(Source data)
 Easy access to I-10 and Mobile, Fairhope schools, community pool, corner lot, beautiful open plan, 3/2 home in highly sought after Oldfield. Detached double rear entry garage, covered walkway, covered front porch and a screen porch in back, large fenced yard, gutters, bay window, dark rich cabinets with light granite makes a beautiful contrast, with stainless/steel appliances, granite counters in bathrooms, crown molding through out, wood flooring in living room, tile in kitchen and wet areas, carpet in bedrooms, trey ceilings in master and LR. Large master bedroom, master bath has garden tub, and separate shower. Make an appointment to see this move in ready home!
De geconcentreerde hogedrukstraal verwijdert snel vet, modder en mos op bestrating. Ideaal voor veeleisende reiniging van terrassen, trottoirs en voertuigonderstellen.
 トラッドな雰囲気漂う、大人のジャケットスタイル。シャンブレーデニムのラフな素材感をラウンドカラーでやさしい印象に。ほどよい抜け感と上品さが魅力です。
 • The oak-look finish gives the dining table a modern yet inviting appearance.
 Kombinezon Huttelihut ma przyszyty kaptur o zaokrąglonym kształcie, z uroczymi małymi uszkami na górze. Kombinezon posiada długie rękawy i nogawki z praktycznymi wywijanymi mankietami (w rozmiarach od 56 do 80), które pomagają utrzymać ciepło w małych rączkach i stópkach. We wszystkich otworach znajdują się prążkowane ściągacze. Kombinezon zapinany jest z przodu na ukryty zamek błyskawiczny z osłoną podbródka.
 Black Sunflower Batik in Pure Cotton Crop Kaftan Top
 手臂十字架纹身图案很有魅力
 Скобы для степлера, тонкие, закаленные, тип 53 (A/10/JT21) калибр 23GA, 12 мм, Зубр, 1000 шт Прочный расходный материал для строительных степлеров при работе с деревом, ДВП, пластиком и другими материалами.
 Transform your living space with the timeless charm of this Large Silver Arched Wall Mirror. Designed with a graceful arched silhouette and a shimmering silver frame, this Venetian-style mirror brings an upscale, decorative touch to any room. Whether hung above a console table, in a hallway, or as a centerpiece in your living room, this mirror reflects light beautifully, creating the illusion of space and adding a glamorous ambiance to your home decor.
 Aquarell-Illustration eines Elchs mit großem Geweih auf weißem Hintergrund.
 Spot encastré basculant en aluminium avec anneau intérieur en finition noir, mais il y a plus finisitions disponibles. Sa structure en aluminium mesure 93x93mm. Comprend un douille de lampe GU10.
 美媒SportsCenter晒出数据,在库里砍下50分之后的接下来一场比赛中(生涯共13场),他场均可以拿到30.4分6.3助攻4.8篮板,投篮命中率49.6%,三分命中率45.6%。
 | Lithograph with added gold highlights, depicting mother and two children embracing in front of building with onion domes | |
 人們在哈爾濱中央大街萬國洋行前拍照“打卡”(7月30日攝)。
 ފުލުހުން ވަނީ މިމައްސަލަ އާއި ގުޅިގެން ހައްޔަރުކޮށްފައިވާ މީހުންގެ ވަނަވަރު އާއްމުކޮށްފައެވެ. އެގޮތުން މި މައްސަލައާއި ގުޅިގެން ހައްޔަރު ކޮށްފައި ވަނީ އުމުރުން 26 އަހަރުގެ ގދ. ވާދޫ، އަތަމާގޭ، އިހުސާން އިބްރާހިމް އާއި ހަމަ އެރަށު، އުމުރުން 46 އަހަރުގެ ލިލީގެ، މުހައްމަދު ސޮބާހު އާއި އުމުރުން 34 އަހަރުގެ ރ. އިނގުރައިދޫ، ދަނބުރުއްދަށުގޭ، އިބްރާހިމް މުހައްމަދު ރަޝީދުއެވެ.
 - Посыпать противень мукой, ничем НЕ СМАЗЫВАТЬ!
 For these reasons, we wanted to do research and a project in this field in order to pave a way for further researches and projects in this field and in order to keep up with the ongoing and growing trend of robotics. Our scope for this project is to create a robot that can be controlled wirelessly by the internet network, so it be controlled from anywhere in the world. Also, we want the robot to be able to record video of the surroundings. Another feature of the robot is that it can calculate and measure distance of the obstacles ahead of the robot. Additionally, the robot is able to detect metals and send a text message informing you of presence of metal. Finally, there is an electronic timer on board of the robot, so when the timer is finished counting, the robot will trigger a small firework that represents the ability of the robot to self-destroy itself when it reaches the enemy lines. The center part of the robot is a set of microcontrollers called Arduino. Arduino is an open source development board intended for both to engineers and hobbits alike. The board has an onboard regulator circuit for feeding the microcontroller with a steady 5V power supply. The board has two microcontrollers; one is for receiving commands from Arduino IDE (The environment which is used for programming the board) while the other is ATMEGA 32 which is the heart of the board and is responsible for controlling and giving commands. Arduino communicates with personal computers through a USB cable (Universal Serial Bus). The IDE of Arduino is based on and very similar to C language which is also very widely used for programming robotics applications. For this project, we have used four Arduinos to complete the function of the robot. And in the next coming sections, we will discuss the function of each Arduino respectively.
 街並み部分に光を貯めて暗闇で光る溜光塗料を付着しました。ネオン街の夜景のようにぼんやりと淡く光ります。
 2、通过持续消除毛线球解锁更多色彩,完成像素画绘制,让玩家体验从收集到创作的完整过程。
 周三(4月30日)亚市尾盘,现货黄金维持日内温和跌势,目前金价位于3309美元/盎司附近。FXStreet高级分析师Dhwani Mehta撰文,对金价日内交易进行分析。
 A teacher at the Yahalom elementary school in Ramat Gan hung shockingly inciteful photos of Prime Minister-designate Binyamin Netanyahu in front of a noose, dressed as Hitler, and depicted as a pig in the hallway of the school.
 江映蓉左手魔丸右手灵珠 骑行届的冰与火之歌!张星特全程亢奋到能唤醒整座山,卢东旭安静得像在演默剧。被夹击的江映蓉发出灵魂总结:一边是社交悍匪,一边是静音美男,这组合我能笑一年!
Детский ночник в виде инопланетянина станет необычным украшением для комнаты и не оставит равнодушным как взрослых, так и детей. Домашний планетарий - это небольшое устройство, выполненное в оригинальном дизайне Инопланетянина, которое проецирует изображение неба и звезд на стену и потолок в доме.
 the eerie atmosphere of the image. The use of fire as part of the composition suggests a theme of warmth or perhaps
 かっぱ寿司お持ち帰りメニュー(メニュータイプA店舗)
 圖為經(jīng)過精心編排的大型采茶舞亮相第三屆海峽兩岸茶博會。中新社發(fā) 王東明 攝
(End Source data)
Task objective
Each line above is to be set down again verbatim.

Finished task
 Easy access to I-10 and Mobile, Fairhope schools, community pool, corner lot, beautiful open plan, 3/2 home in highly sought after Oldfield. Detached double rear entry garage, covered walkway, covered front porch and a screen porch in back, large fenced yard, gutters, bay window, dark rich cabinets with light granite makes a beautiful contrast, with stainless/steel appliances, granite counters in bathrooms, crown molding through out, wood flooring in living room, tile in kitchen and wet areas, carpet in bedrooms, trey ceilings in master and LR. Large master bedroom, master bath has garden tub, and separate shower. Make an appointment to see this move in ready home!
De geconcentreerde hogedrukstraal verwijdert snel vet, modder en mos op bestrating. Ideaal voor veeleisende reiniging van terrassen, trottoirs en voertuigonderstellen.
 トラッドな雰囲気漂う、大人のジャケットスタイル。シャンブレーデニムのラフな素材感をラウンドカラーでやさしい印象に。ほどよい抜け感と上品さが魅力です。
 • The oak-look finish gives the dining table a modern yet inviting appearance.
 Kombinezon Huttelihut ma przyszyty kaptur o zaokrąglonym kształcie, z uroczymi małymi uszkami na górze. Kombinezon posiada długie rękawy i nogawki z praktycznymi wywijanymi mankietami (w rozmiarach od 56 do 80), które pomagają utrzymać ciepło w małych rączkach i stópkach. We wszystkich otworach znajdują się prążkowane ściągacze. Kombinezon zapinany jest z przodu na ukryty zamek błyskawiczny z osłoną podbródka.
 Black Sunflower Batik in Pure Cotton Crop Kaftan Top
 手臂十字架纹身图案很有魅力
 Скобы для степлера, тонкие, закаленные, тип 53 (A/10/JT21) калибр 23GA, 12 мм, Зубр, 1000 шт Прочный расходный материал для строительных степлеров при работе с деревом, ДВП, пластиком и другими материалами.
 Transform your living space with the timeless charm of this Large Silver Arched Wall Mirror. Designed with a graceful arched silhouette and a shimmering silver frame, this Venetian-style mirror brings an upscale, decorative touch to any room. Whether hung above a console table, in a hallway, or as a centerpiece in your living room, this mirror reflects light beautifully, creating the illusion of space and adding a glamorous ambiance to your home decor.
 Aquarell-Illustration eines Elchs mit großem Geweih auf weißem Hintergrund.
 Spot encastré basculant en aluminium avec anneau intérieur en finition noir, mais il y a plus finisitions disponibles. Sa structure en aluminium mesure 93x93mm. Comprend un douille de lampe GU10.
 美媒SportsCenter晒出数据,在库里砍下50分之后的接下来一场比赛中(生涯共13场),他场均可以拿到30.4分6.3助攻4.8篮板,投篮命中率49.6%,三分命中率45.6%。
 | Lithograph with added gold highlights, depicting mother and two children embracing in front of building with onion domes | |
 人們在哈爾濱中央大街萬國洋行前拍照“打卡”(7月30日攝)。
 ފުލުހުން ވަނީ މިމައްސަލަ އާއި ގުޅިގެން ހައްޔަރުކޮށްފައިވާ މީހުންގެ ވަނަވަރު އާއްމުކޮށްފައެވެ. އެގޮތުން މި މައްސަލައާއި ގުޅިގެން ހައްޔަރު ކޮށްފައި ވަނީ އުމުރުން 26 އަހަރުގެ ގދ. ވާދޫ، އަތަމާގޭ، އިހުސާން އިބްރާހިމް އާއި ހަމަ އެރަށު، އުމުރުން 46 އަހަރުގެ ލިލީގެ، މުހައްމަދު ސޮބާހު އާއި އުމުރުން 34 އަހަރުގެ ރ. އިނގުރައިދޫ، ދަނބުރުއްދަށުގޭ، އިބްރާހިމް މުހައްމަދު ރަޝީދުއެވެ.
 - Посыпать противень мукой, ничем НЕ СМАЗЫВАТЬ!
 For these reasons, we wanted to do research and a project in this field in order to pave a way for further researches and projects in this field and in order to keep up with the ongoing and growing trend of robotics. Our scope for this project is to create a robot that can be controlled wirelessly by the internet network, so it be controlled from anywhere in the world. Also, we want the robot to be able to record video of the surroundings. Another feature of the robot is that it can calculate and measure distance of the obstacles ahead of the robot. Additionally, the robot is able to detect metals and send a text message informing you of presence of metal. Finally, there is an electronic timer on board of the robot, so when the timer is finished counting, the robot will trigger a small firework that represents the ability of the robot to self-destroy itself when it reaches the enemy lines. The center part of the robot is a set of microcontrollers called Arduino. Arduino is an open source development board intended for both to engineers and hobbits alike. The board has an onboard regulator circuit for feeding the microcontroller with a steady 5V power supply. The board has two microcontrollers; one is for receiving commands from Arduino IDE (The environment which is used for programming the board) while the other is ATMEGA 32 which is the heart of the board and is responsible for controlling and giving commands. Arduino communicates with personal computers through a USB cable (Universal Serial Bus). The IDE of Arduino is based on and very similar to C language which is also very widely used for programming robotics applications. For this project, we have used four Arduinos to complete the function of the robot. And in the next coming sections, we will discuss the function of each Arduino respectively.
 街並み部分に光を貯めて暗闇で光る溜光塗料を付着しました。ネオン街の夜景のようにぼんやりと淡く光ります。
 2、通过持续消除毛线球解锁更多色彩,完成像素画绘制,让玩家体验从收集到创作的完整过程。
 周三(4月30日)亚市尾盘,现货黄金维持日内温和跌势,目前金价位于3309美元/盎司附近。FXStreet高级分析师Dhwani Mehta撰文,对金价日内交易进行分析。
 A teacher at the Yahalom elementary school in Ramat Gan hung shockingly inciteful photos of Prime Minister-designate Binyamin Netanyahu in front of a noose, dressed as Hitler, and depicted as a pig in the hallway of the school.
 江映蓉左手魔丸右手灵珠 骑行届的冰与火之歌!张星特全程亢奋到能唤醒整座山,卢东旭安静得像在演默剧。被夹击的江映蓉发出灵魂总结:一边是社交悍匪,一边是静音美男,这组合我能笑一年!
Детский ночник в виде инопланетянина станет необычным украшением для комнаты и не оставит равнодушным как взрослых, так и детей. Домашний планетарий - это небольшое устройство, выполненное в оригинальном дизайне Инопланетянина, которое проецирует изображение неба и звезд на стену и потолок в доме.
 the eerie atmosphere of the image. The use of fire as part of the composition suggests a theme of warmth or perhaps
 かっぱ寿司お持ち帰りメニュー(メニュータイプA店舗)
 圖為經(jīng)過精心編排的大型采茶舞亮相第三屆海峽兩岸茶博會。中新社發(fā) 王東明 攝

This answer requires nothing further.